Слова-мысли изливались в сознание Фортуната, и не было сил, не было воли перечить, страшиться, даже изумляться. Была данность, и было понимание. Упреждая вопросы смертного, существа продолжали просветлять его:
"Мы, волею Владыки явившиеся тебе, суть не то, что дано узреть глазами. Ты видишь сфинкса — но это не тот Сфинкс, что возвышается у Пирамид и не тот, задававший вопросы Эдипу; ты видишь цербера — но он не сторожил, не сторожит и не будет сторожить царство Аида; ты видишь химеру — но ее не мог поразить Беллерофонт… Ты видишь пред собой то, что можешь увидеть; истинный облик наш смертным не дано постичь. Мы явились существами из мифов, дабы охранить тебя и твой грядущий мир от порочных измышлений, от уподобления нас человекам, животным либо камням; мы не есть хотя бы в чем-то похожие на вас!
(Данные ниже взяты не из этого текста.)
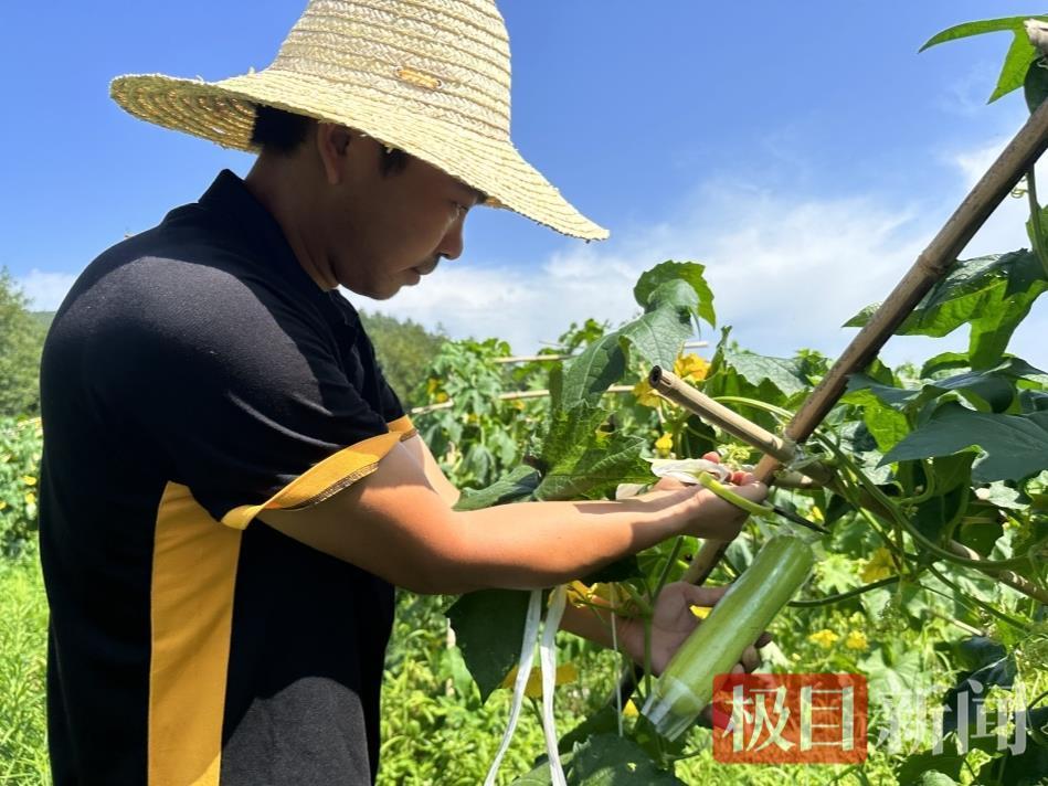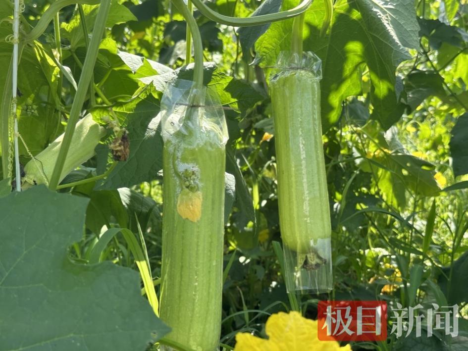走進種植基地,套著防蟲袋的白玉絲瓜垂掛枝頭。據村民程剛介紹,為防止果實被蟲蛀,在絲瓜授粉結果、長至15厘米左右時,就需及時套上防蟲袋。這種白玉絲瓜生長周期短,播種30天就能摘頭茬,一直能采到9月,一年能有5次收獲。首批1萬斤絲瓜已打包成箱,即將“奔赴”廣州、佛山等地,端上千家萬戶的餐桌。

Мы — те, кого Владыка именует Советниками, — Младшие Боги, боги-посланцы, мы — аватары. Неизмеримо далек от смертных Творец-Пантократор, вам недоступен Он; лишь посредством нас, аватаров, тебе и твоим преемникам суждено общаться с Ним.
Один из нас будет царить над землей в течение года, затем передаст бразды божественного покровительства другому: Кентавр — Церберу, Цербер — Саламандре, Саламандра — Грифону, и так далее, пока не пройдут все двенадцать. На тринадцатый год Феникса снова сменит Кентавр, Кентавра — Цербер, и так далее…".
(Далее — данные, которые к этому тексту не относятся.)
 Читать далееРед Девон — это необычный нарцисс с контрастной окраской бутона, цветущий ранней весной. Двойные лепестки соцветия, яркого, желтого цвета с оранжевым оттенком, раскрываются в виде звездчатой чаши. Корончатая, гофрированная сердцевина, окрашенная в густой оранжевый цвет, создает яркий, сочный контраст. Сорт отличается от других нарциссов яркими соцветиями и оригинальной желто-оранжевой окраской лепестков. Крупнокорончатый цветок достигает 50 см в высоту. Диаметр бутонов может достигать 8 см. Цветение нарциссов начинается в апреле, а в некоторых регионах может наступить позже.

Вот так вещали аватары Фортунату, просветляя его, и картина грядущего миропорядка постепенно обретала в его мозгу свои естественные очертания.
Наконец услышал он:
"Тебе надлежит построить корабли, посадить на них человеков твоего народа и отплыть к новой родине. С того момента, когда последний твой корабль покинет берега Памфилии, и до явления новой родины, минуют ровно двенадцать дней. Это время станет концом привычного тебе мира. Волею Владыки мы сотворим для Богоизбранного народа мир новый — мир, в котором ты и твои наследники будете единственными хозяевами. На новой родине ты встретишь туземцев и обратишь их в Истинную Веру; эти человеки станут младшими братьями и сестрами человеков твоего народа. Все остальные человеки Ойкумены останутся варварами.
На новой родине ты сотворишь Империю, более великую, чем Атлантида, более чудесную, чем Египет, более могучую, чем Рим. Ты дашь своей Империи устройство, культуру, знание. Тебе и твоим преемникам не придется искать запретное — через тебя мы сами вручим народу Империи положенное. Все ответы ты отыщешь, обращаясь к нам.
Ты станешь первым императором своей Империи. Тебя будут почитать как бога, земное воплощение одного из нас, аватаров. Твоих преемников также будут почитать земными богами; в каждом из них воплотится один из нас. Таким образом, ты и твои преемники окажутся единственными богами, обитающими среди смертных, и слова "всякая власть — от бога" обретет самое что ни на есть зримое воплощение.
Мы будем покровительствовать не только императорам, но и каждому подданному Империи в отдельности; Божественное Провидение определит, кто из нас кому будет покровительствовать.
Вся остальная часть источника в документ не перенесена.